Przy produkcji procesorów mamy wskaźnik, który w tłumaczeniu na polski możemy nazwać wskaźnikiem wydajności. Mówi on o tym, jaki procent układów wyciętych z jednego krzemowego wafla nadaje się do użytku. W przypadku procesorów Apple A17 Bionic produkowanych w 3nm procesie technologicznym jest to słaby wynik na poziomie 55%. Oznacza to, że prawie połowa wyprodukowanych procesorów ląduje w koszu.

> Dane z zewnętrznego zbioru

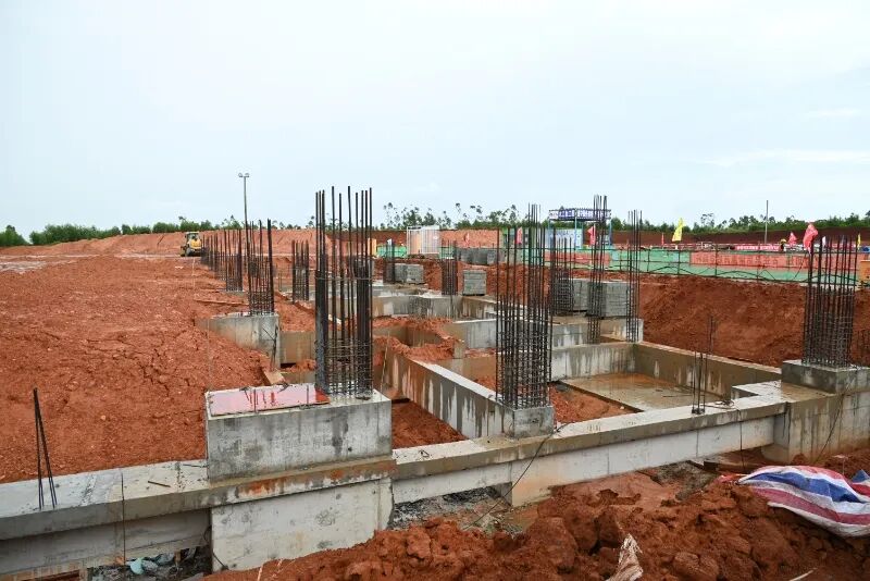 当天上午持续大雨,吴松江一行撑伞深入项目建设现场,查看“项目进度计划横道图”,随后通过项目实名制通道进入机库及附楼基础工程等施工区域,实地察看工程建设进展。该项目于2025年3月28日正式动工,经过五个多月的紧张施工,已顺利完成场地清平、土石方开挖、机库及附楼桩基建设等工程,目前正推进机库钢柱吊装及拉杆等工作。受天气影响,现场部分机械和工人暂未作业。

Firma Apple zawarła umowę z TSMC, w ramach której nie płaci za cały wafel krzemowy, jak zwykle ma to miejsce, a wyłącznie za każdy wyprodukowany sprawny procesor. Nie znamy konkretnych wartości, ale płatność od sztuki niemal na pewno nie jest tańsza. Firmy mają powrócić do standardowego rozliczenia w momencie, kiedy wydajność produkcji układów Apple A17 Bionic osiągnie 70%. TSMC ma podnosić wskaźnik o 5% co kwartał.
Czytaj też: Szykujcie portfele. Ceny iPhone’ów 15 poszybują mocno w górę
iPhone 15 Pro jak Samsung? Może nas czekać polowanie na procesory
TSMC wykorzystuje do produkcji procesorów w 3nm procesie technologicznym dwa węzły produkcyjne. Aby nie wnikać za mocno w skomplikowane technikalia – węzeł N3B ma oznaczać wyższe koszty i niższą wydajność produkcji, ale podobno wydajniejsze procesory. Węzeł N3E to z kolei niższe koszty, wydajniejsza produkcja, ale prawdopodobnie niższa wydajność procesorów.
Apple może przejść na nowy węzeł produkcyjny w 2024 roku i jeśli tak się stanie, a będzie to korzystne z ekonomicznego punktu widzenia, więc jest to bardzo prawdopodobne, do iPhone’ów 15 Pro i 15 Pro Max mogą trafiać różne procesory o różnej wydajności. To może doprowadzić do sytuacji, w której kupujący będą polować na smartfony z konkretnym procesorem. Trochę to przypomina kupowanie flagowych Samsungów z układem Samsung Exynos i Qualcomm Snapdragon, tylko w przypadku iPhone’ów nie będzie wiadomo, który jest który. Już widzę tę burzę w sieci… Poradniki, porównania, clickbaity! A idę o zakład, że jeśli faktycznie będzie jakaś różnica w wydajności, to nie do zobaczenia gołym okiem.
Czytaj też: Test Honor Magic 5 Pro – stracił przy bliższym poznaniu, czy to nadal super-smartfon?
Procesory w 3nm procesie technologicznym to przyszłość, a 2nm jest już na horyzoncie
Wracając do samego TSMC, firma otwarcie przyznaje, że obecnie nie jest w stanie sprostać potrzebom klientom w produkcji procesorów w 3nm procesie technologicznym. Łańcuch dostaw ma być w pełni wykorzystywany dopiero w III kwartale 2023 roku i to dopiero wtedy ma pojawić się znaczny udział w przychodach. Ale w całym 2023 roku 3nm procesory mają stanowić tylko jednocyfrowy procent przychodu z produkcji.
Firma dodaje, że jej klienci są już zainteresowani procesorami tworzonymi w 2nm procesie technologicznym, a produkcja ma ruszyć w 2025 roku.